Bize futbolla ilgili unutamadığın bir anını anlatır mısın?

Ön libero olduğum için savunmaya dönük oynuyorum. Manisaspor'la şampiyon olduğumuz sene Levent Hoca bana, "Bir tane bile golün yok. Bir gol at, sana saat alacağım" demişti. Ben de bu konuşmamızdan iki hafta sonra Sakaryaspor'la oynadığımız maçta 35 metre mesafeden çok güzel bir gol attım. Levent Hocaya maçtan sonra sözünü hatırlattım, saat de geldi. (Gülüyor)

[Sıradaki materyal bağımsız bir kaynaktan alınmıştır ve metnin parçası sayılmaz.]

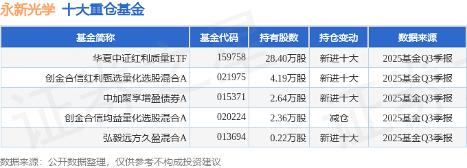 持有永新光学最多的基金为华夏中证红利质量ETF,目前规模为10.21亿元,最新净值1.0793(10月30日),较上一交易日下跌2.16%,近一年下跌1.1%。该基金现任基金经理为杨斯琪。

Hiddink'le ilgili görüşlerini alalım…

Gerçekten çok büyük bir hoca. Toplantılarda olsun, sahada olsun yapmamız gerekenleri bize tam olarak anlatıyor. Henüz çok kısa süreli birlikte olduk. Çalıştırdığı takımlar ve elde ettiği başarılarla bize güven veriyor. Onunla iki gün için bile olsa çalışma fırsatı bulduğum için çok mutluyum.

Galatasaray'ın seninle ilgilendiği yazılıp çizildi, bunlar doğru mu?

Galatasaray benim çocukluğumdan beri tuttuğum takım. Orada oynamak bana büyük bir gurur verir. Medyada 2 senedir dediğiniz gibi haberler çıkıyor ama kulübe gelmiş resmi bir teklif yok. Beni izlettirdikleri söyleniyor.